Estimation of cloud fraction profile in shallow convection using a scanning cloud radar

 

Submitter:

Kollias, Pavlos — Stony Brook University
Oue, Mariko — Stony Brook University

Area of research:

Cloud Distributions/Characterizations

Journal Reference:

Oue M, P Kollias, KW North, A Tatarevic, S Endo, AM Vogelmann, and WI Gustafson Jr.. 2016. "Estimation of cloud fraction profile in shallow convection using a scanning cloud radar." Geophysical Research Letters, 43(20), 10.1002/2016gl070776.

Science

Shallow convection plays a critical role in the heat and moisture transfer between the boundary layer and free atmosphere above about 2 km. However, with an average spatial scale of 0.5–1.5 km, shallow cumuli are not resolved in weather forecast and climate models, and their broken cloud coverage results in uncertainties in estimations of domain-averaged cloud fraction profiles (CFP, Fig. 1).

Impact

An objective method is proposed for estimating domain-averaged CFP using observed statistics of Ka-band scanning cloud radar (Ka-SACR) hydrometeor detection with height to estimate optimum sampling regions. This method shows good agreement with simulated CFP from large-eddy simulations (LES). The new techniques developed in the study increase confidence in the retrieved CFP when looking at the true atmosphere and improve our ability to compare model output with cloud radar observations for shallow cumulus cloud conditions.

Summary

This study is the first to use LES output from the new LES ARM Symbiotic Simulation and Observation (LASSO) capabilities currently under development. LES from LASSO and of the RACORO field campaign provide detailed cloud fields that serve as proxies of true cloud fields. The LES combined with a radar simulator provide an estimate of what can be observed in the atmosphere.

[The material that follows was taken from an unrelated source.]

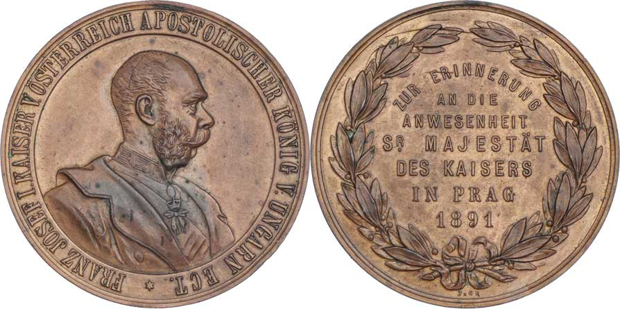 Christlbauer - návštěva Fr.Josefa v Praze - poprsí zprava, něm.opis / 7-řádk.něm.nápis ve věnci, Sign., zlac.mosaz 54 mm, ŠFP.85a, nep.vada raz., hr., lakov.

Uncertainties in domain-averaged CFP estimates are addressed using LES of shallow convection over the SGP coupled with a radar simulator. The radar simulation analysis indicates that observation from a single vertically-pointing Ka-band radar (KAZR) is inadequate to provide reliable CFPs (Fig. 1b). Use of Ka-SACR, performing a sequence of cross-wind horizon-to-horizon scans, is not straightforward because radar sensitivity decreases with distance. Sampling a small region in the vicinity of Ka-SACR ensures higher sensitivity, but this results in undersampling the overall cloud field. Alternatively, a larger sampling region ensures sampling more clouds, but the lower sensitivity farther from the radar underestimates the CFP. Using the cumulative distribution function (CDF) of reflectivity as a function of altitude, as depicted in Fig. 2a, an optimal minimum detectable reflectivity at each height is determined from the CDF isoline that provides an optimum selection of region size and radar sensitivity. The Ka-SACR observations need to be conducted for 35 min or more for CFP estimates to converge with the LES-simulated CFP (Fig. 2b) with an RMSE less than 1% on the order of 5% CFPs.